A copy of the simulation was created, and in that copy the diameters of pump elements 1 and 2 were reduced from 14 inches to 11.5 inches. Using this new impeller diameter resulted in the following improvements.
- The pump head produced resulted in 129 feet of head.
- Using the newer impeller diameter, the pump’s BEP occurred at 870 gpm, operating closer to its BEP.
- The power needed to drive the smaller diameter was 30 hp, resulting in savings in costs.
- With the smaller pump impeller, the control element valve position varied from 34 percent open to 51 percent based on the variations in tank levels.
- The results of the simulation indicated no control valve cavitation during any expected level or pressures in the tanks.

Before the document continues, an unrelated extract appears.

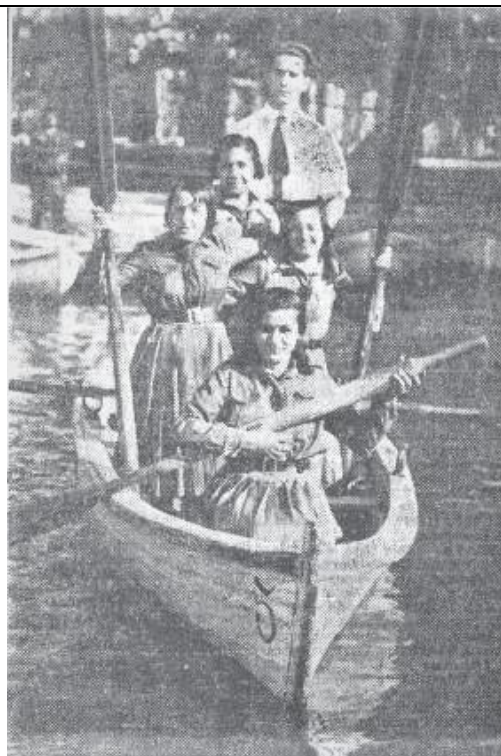
Foto 4: "Equipo de las Legionarias de la Salud que actuará en las regatas que se celebrarán en el estanque del Retiro el día 16."

24-04-1932: En una regata social sobre 500 m, el equipo A vence al B, con un tiempo de 3 min. 28 s. 1/5; 43 de haber participado en el campeonato femenino de Castilla, que en ese mismo día y lugar organizó la Sociedad Gimnástica Española (SGE), hubieran competido reñidamente con el equipo A de la SGE, que ganó el citado campeonato con un tiempo de 3 min. 25 s.

- The differential pressure across the control element varied from 11 to 16 psid.
- When the value manufacturer reviewed the results of the simulation, it was stated that the installed control valve should operate properly.
As we saw in this simple example, based upon the lack of installed plant operating data and more pressing operational needs, it is difficult to for the plant management team to gain a big picture view of what is happening in the system. Without that, it is difficult to determine what is happening within the system and what could be causing the
abnormal conditions that we have come to recognize and accept.
With a thorough understanding of the system, each group involved with operation and maintenance can provide relevant proposals on the problems and what can be done to correct them.
Finally, using the methods and tools presented here the proposed improvements can be tested in the model to see if they will correct the problems.